I will increase my score to a 6 to reflect the clearer results and framing, but still with some uncertainty since the proposed changes are substantial and the two halves of the paper do not seem to quite hang together yet.
Thanks for engaging in the discussion and adjusting the score accordingly. We are grateful that the reviewer appreciates the changes, and we will update the paper to incorporate the proposed changes and additional results.

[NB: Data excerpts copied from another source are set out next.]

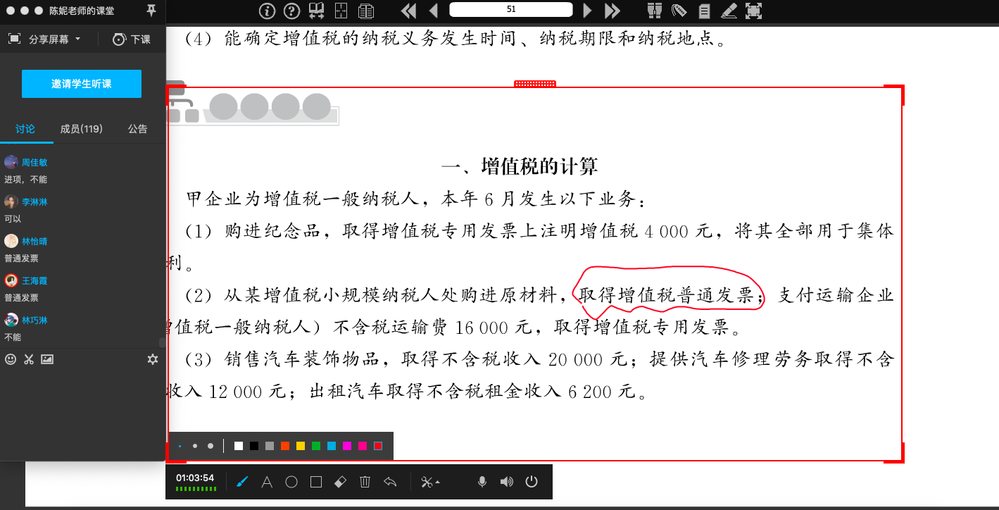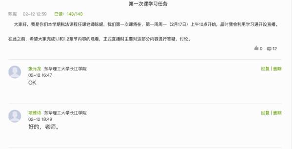 为有效应对新型冠状病毒肺炎疫情对教学工作的影响,切实做到“停课不停学,停课不停教”,按照学院统一部署,各系教师积极投入线上教学准备工作,通过微信群开展教学讨论,学习线上教学技术,熟悉平台操作,确保疫情防控期间教学工作不断档。今天,让我们一起走进经济与管理系陈妮老师的《税法》课堂。
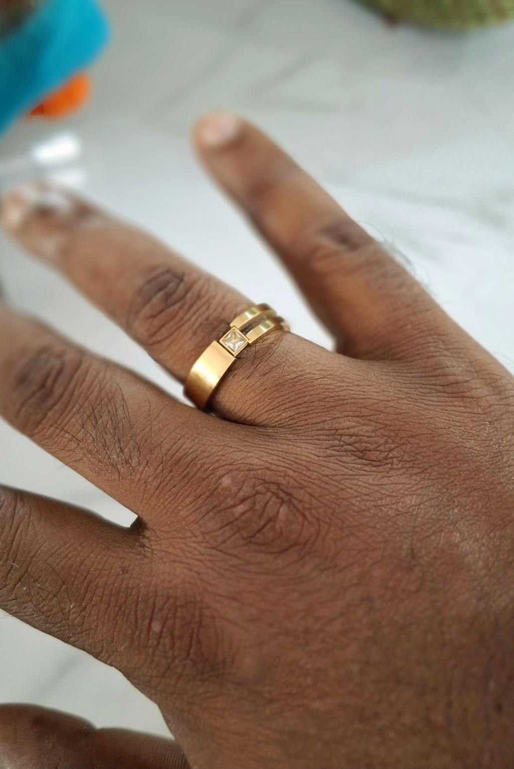 Modern gold-tone ring with a cutout band and a square-cut CZ centerpiece. Clean lines, sleek fit-your go-to for everyday minimal shine.
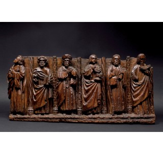 Partie de retable en chêne sculpté en fort relief représentant six apôtres dont saint Jean, saintPierre, saint Jacques vêtu en pèler...

With regards to the question that the "two halves of the paper do not seem to quite hang together", we would like to articulate our rationale for studying policy extraction and generalization together in this paper more clearly. Akin to how with any ML algorithm, there are two problems: optimization and generalization (e.g., an ERM bound decomposes into two terms: one focusing on optimization and the other on generalization), the performance of any RL algorithm is also affected by the efficacy of policy and value optimization, and corresponding generalization. If the policy and value functions were optimized perfectly and could generalize perfectly as well, then that offline RL algorithm should attain perfect performance. Conversely, if any of these components do not function as well, the performance would not be perfect. Therefore, to be able to perform a holistic analysis of offline RL challenges, we separated them into (1) value and policy learning, and (2) generalization.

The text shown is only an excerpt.